What I've been reading
Black Widow by Randy Wayne White (2008)
The latest installment in a long-running series about biologist and secret agent-type Doc Ford, and my first venture into the series. In this story, Doc manages the money drop for a woman he's known since she was a girl who's being blackmailed on the eve of her wedding. Of course, things go awry, and the plot, as they say, thickens. Doc finds himself amid a truly bizarre cast of characters on a Carribean island. The plotting is solid, if a touch slow-paced at times, and Doc is an enjoyable, competent protagonist. The secondary characters tend toward the excessively eccentric, which is sometimes distracting, and the plot sprouts more offshoots than it can easily resolve. The prose style is generally clean, although there are several overly expository segments presented as "background material" compiled by Doc or one of his cohorts; I'd have preferred that info be woven more seamlessly into the narrative.
Goodbye Sister Disco by James Patrick Hunt (2008)
This is the second novel featuring St. Louis police detective George Hastings (I haven't read the other one). The plot involves a murder and kidnapping by some kind of radical group of anarchists, and there's the usual whining by the local cops about the intervention of the FBI (nothing you haven't read before a dozen times: the plastic, stuffed-suit FBI guys think the locals are a bunch of yahoos; the streetwise locals think the FBI guys lack instincts and common sense). Hastings himself is fine, if a bit morose for a lead character. The most compelling character in the book is one of the kidnappers, a femme fatale with wicked leadership skills whose portion of the story comes to an abrupt, dissatisfying conclusion. And the resolution of the plot is ultimately slightly disappointing as well; Hastings doesn't really flex his investigatory skills until very near the end, and the group of kidnappers does as much damage to itself as Hastings does when he practically stumbles upon the already-escaping victim. For a police procedural, this is generally well written, but ultimately falls somewhat short on procedure. (And I have no idea what the Who lyrics have to do with anything; it's a serious stretch of a title.)

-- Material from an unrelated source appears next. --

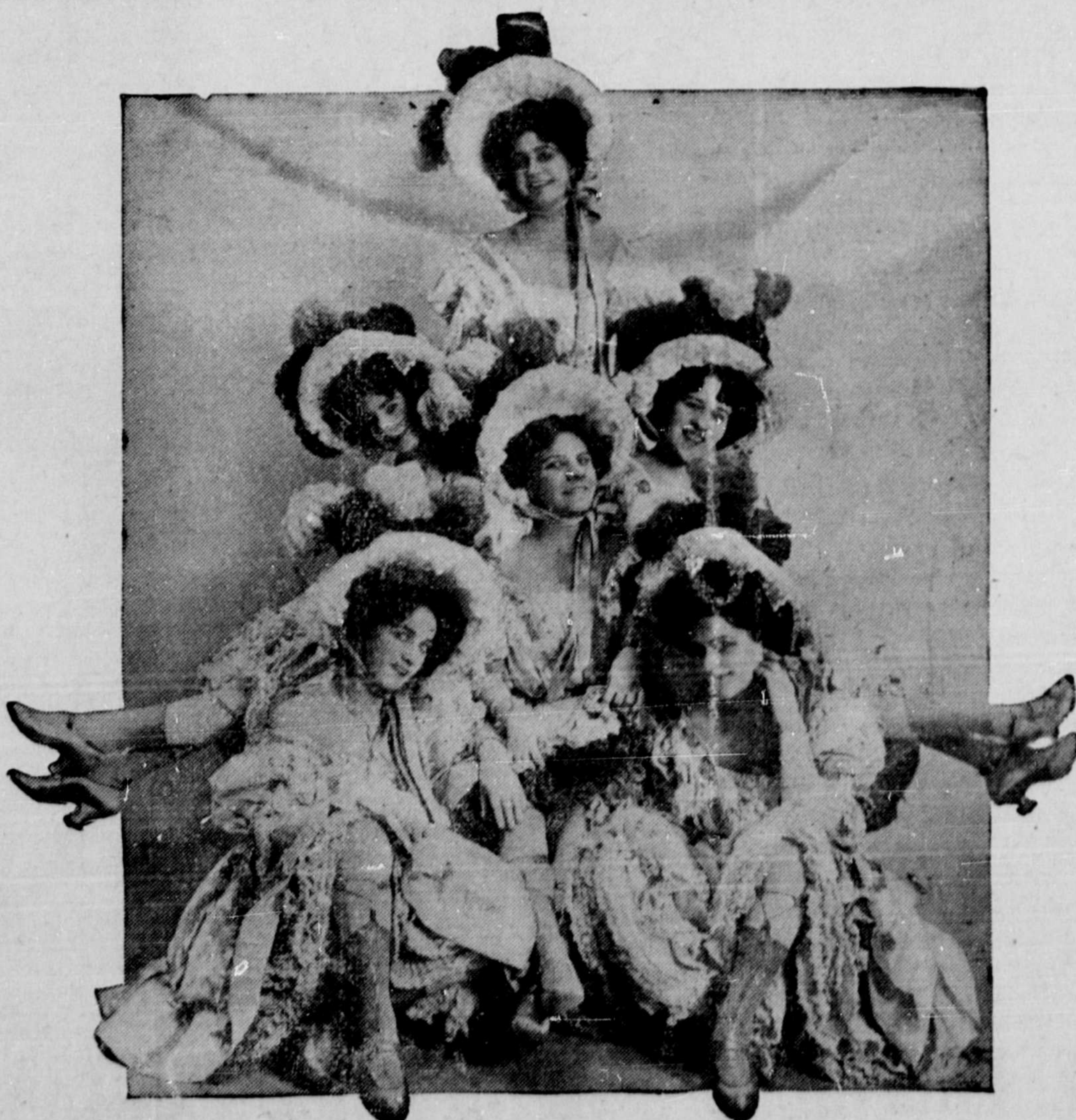
Some of the chorus with The Minister's Son, at the Empress Theatre, tonight.

1142 Pender Street West - Vancouver, B.C. Phone 8500.

Bad Blood by Linda Fairstein (2007)
Stepping in late to yet another well-established series, this one about NYC prosecutor Alexandra Cooper. Starts reeeeeeally slowly, with an interminable courtoom scene in a case I don't care about. This book sets a record for ridiculously expository dialogue. The characters talk like wikipedia entries, when they're not engaging in overly jocular, fake-seeming banter. At some point there's a way-violent prisoner escape and an exhumation and some mostly-off-screen violence, and the plot gets just interesting enough to hold your attention. But just barely.
Nobody Runs Forever by Richard Stark (2004)
Donald Westlake has written about three million books, including many under the name Richard Stark about a career criminal named Parker, of which this is one -- and the first Westlake/Stark book I've read. This book reminds me very much of Lawrence Block's Hitman series. Parker has the same disinterested (not meaning uninterested), professional demeanor as Keller, the hitman. Parker is a criminal because he's good at it, and he's supremely competent and startlingly unemotional. The book has a dry, detached tone, and super-clean prose. It's well-plotted and interesting throughout; Parker is my kind of criminal. It's not the kind of book that grabs you emotionally, but it's a very, very pleasurable read.